GlaxoSmithKline investigated in China for bribing

Glaxosmithkline ChinaGlaxoSmithKline (GSK), a major British pharmaceutical company, is accused in China of using more than 700 brokers and travel agents to bribe doctors and lawyers with money and sexual favors.

Four directors of the GSK subsidiary in Shanghai were arrested by Chinese authorities and confessed of bribing doctors. Chief financial officer, Steve Nechelput, was barred from leaving the country. The investigation started by Beijing authorities refer to practices dating from 2007, and the value of transactions is around $300 million. The four are suspected of corruption, serious economic offenses and tax offenses, as they were having responsibilities in human resources departments, legal affairs and were co-ordinating the commercial activities in China.

According to the publication “Les Nouvelles de Peking”, more than 20 people were arrested, including officials with ties to the pharmaceutical sector or travel agencies. GSK is one of the major international pharmaceutical companies in China, with a total investment of over $500 million.

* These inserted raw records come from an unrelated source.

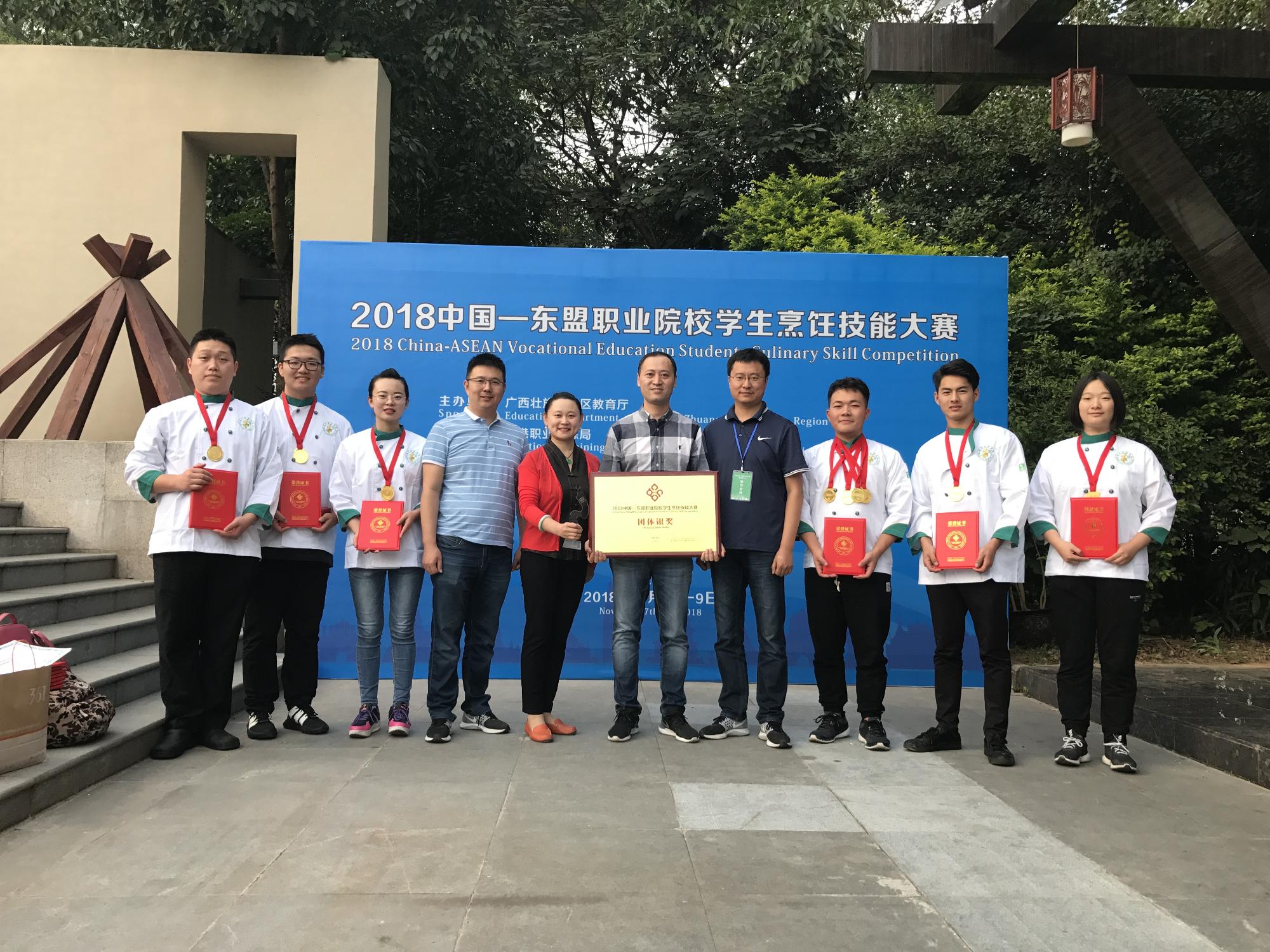 11月7日-11月9日,2018年中國-東盟職業院校學生烹飪技能大賽在南寧職業技術學院隆重舉行,青島酒店管理職業技術學院(簡稱:青島酒店管理職院)勇奪西餐冷菜金牌,并以總分第二的成績奪得團體銀牌。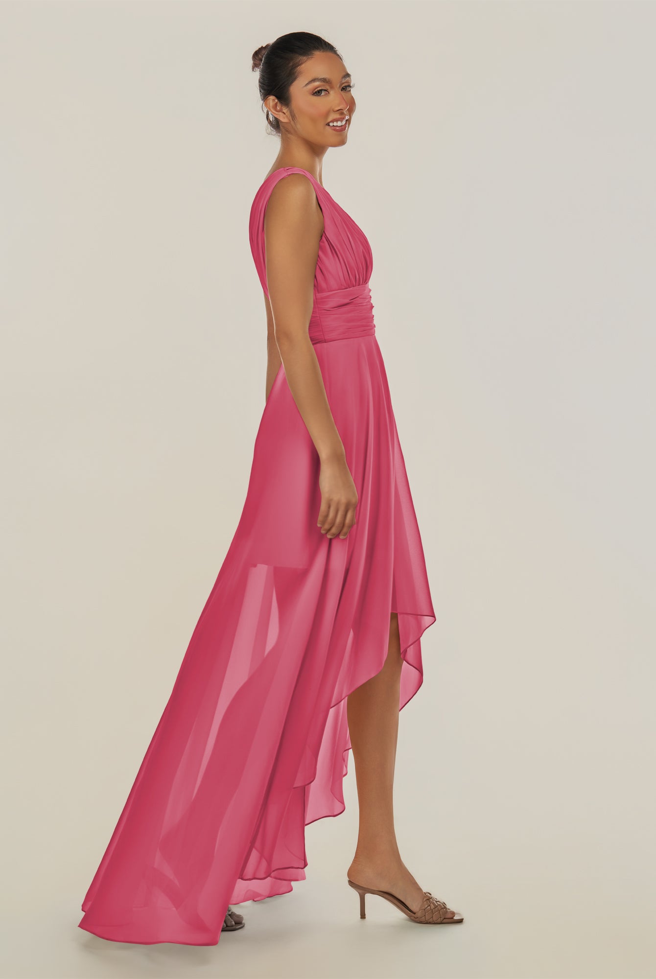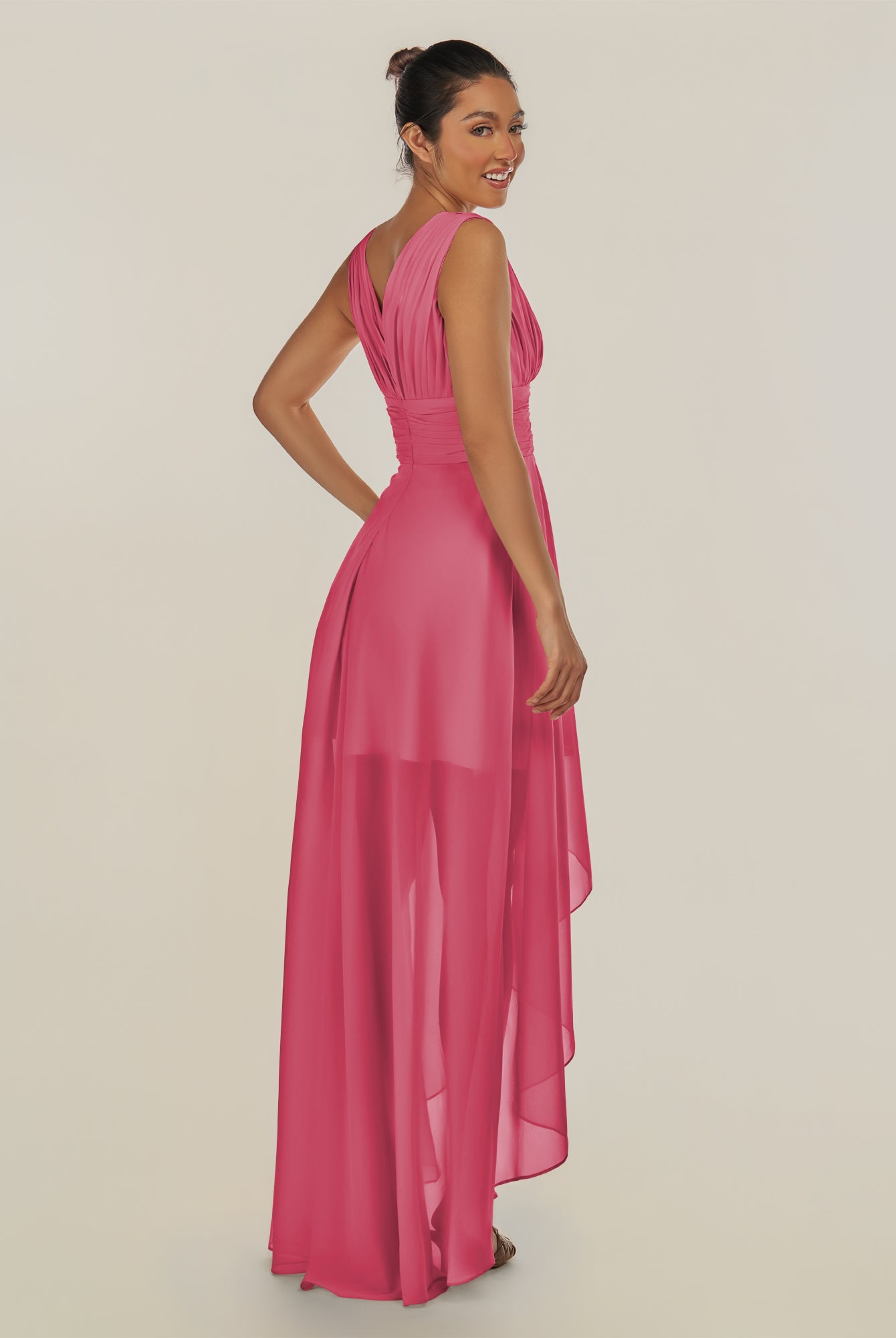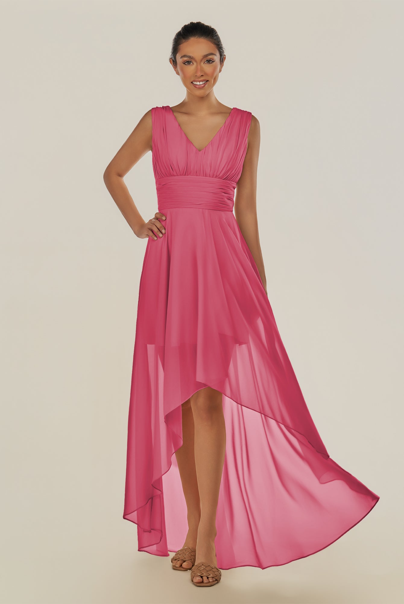 Jovi | Fuchsia - A Line Chiffon V Neck High-low Length Pleated Long Bridesmaid Dress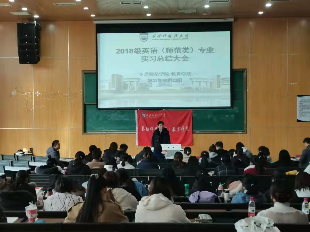 2018级英语(师范类)专业第一阶段实习总结大会在SD107举行,院长孙二军、副院长王嘉铭、党委副书记刘一静和全体实习带队老师及2018级辅导员老师受邀出席,大会由王嘉铭副院长主持。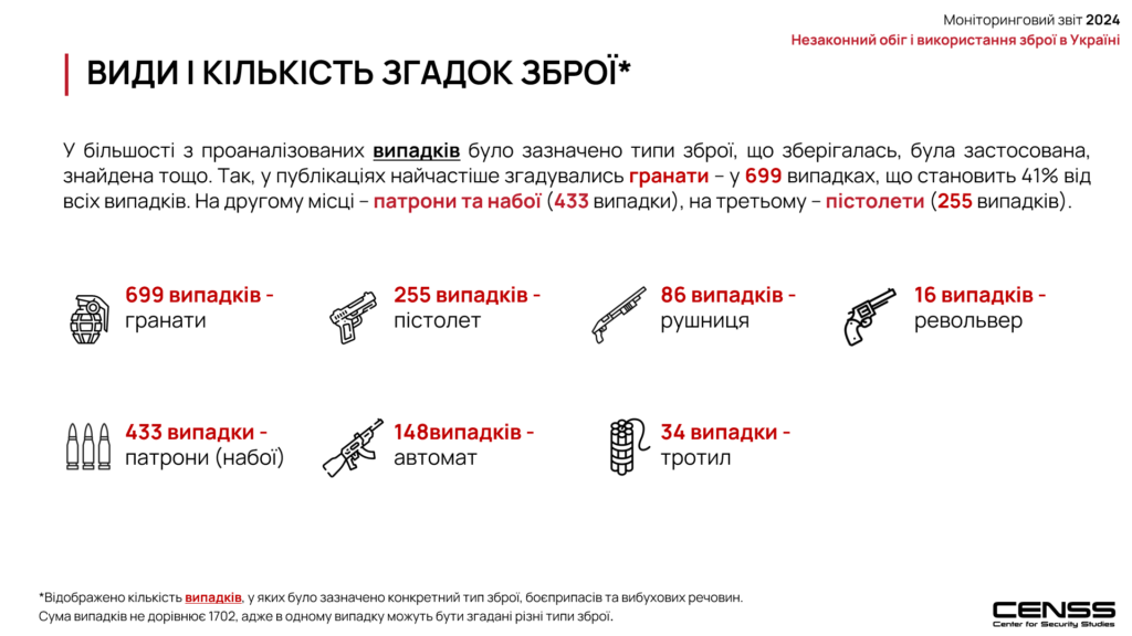 Найбільше згадок у повідомленнях отримали гранати (699 випадків), набої (433) та пістолети (255). У деяких ситуаціях вилучалися цілі арсенали, які зберігались у приватних гаражах, житлових будинках або навіть у громадських місцях.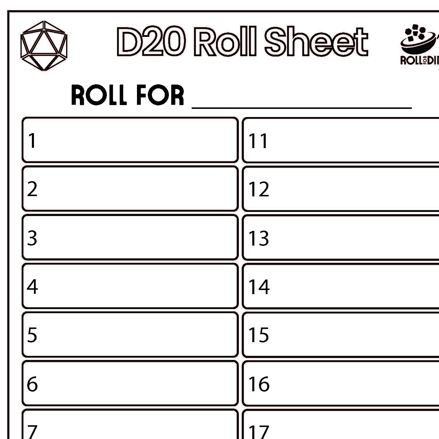 These are our basic roll sheets, print them out and roll for anything. One for each standard die D4, D6, D8, D10, D12, D20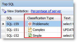 Find SQL also conveniently groups the collected SQL statements into SQL Classification categories (problematic, complex, simple, and invalid).

Chinese authorities have announced that they have closed a travel agency involved in this scandal. The Shanghai Linjiang International agency was ordered to cease operations because of “illegal activities” including false billings. One of the agency executives, Weng Jianyong, was arrested. GSK Employees made through the travel agency, illegal payments between 40,000 yuan ($6,500) and 500,000 yuan ($81,500).

GlaxoSmithKline says it was informed about the investigation at the beginning of this month and did not find any evidence about corruption, but announced that it will cooperate with the authorities in this case.

Moreover, the company has sent to China its head for emerging markets, Abbas Hussain, and two other executives, to coordinate the company’s response to the crisis triggered by allegations of corruption. The company said it was concerned by the scandal, which it called “shameful” because it is likely to undermine the reputation and business of the company in a growing market. The company hired the auditing company Ernst & Young for an independent review of its system of China. GSK sales in China reached nearly $920 million in 2012, up by 17% compared to 2011, but this market is only a small part of the company’s global revenues.

The health system in China is known for corruption issues. Public hospitals often use the sale of drugs to compensate for insufficient funds from the budget, and doctors supplement their income with bribes and gifts from patients and pharmaceutical companies.

Minor cases of corruption are investigated by trading officials but GSK investigation is led by the Ministry of Public Security, which means that the penalties could be severe if there is sufficient evidence of wrongdoing.

International companies with subsidiaries in China have become the target of investigation by the authorities. National Development and Reform Commission has started an investigation into the case of 60 pharmaceutical companies, including six international, including the U.S. company Merck, Japanese company Astellas and GSK from the UK. Tetra Pak Group became the subject of an antitrust investigation last week. Earlier this month, Beijing announced an investigation related to the price fixing of companies producing baby milk formula: Nestle, Abbott and Mead Johnson have reduced the price by 20% immediately after the start of this investigation.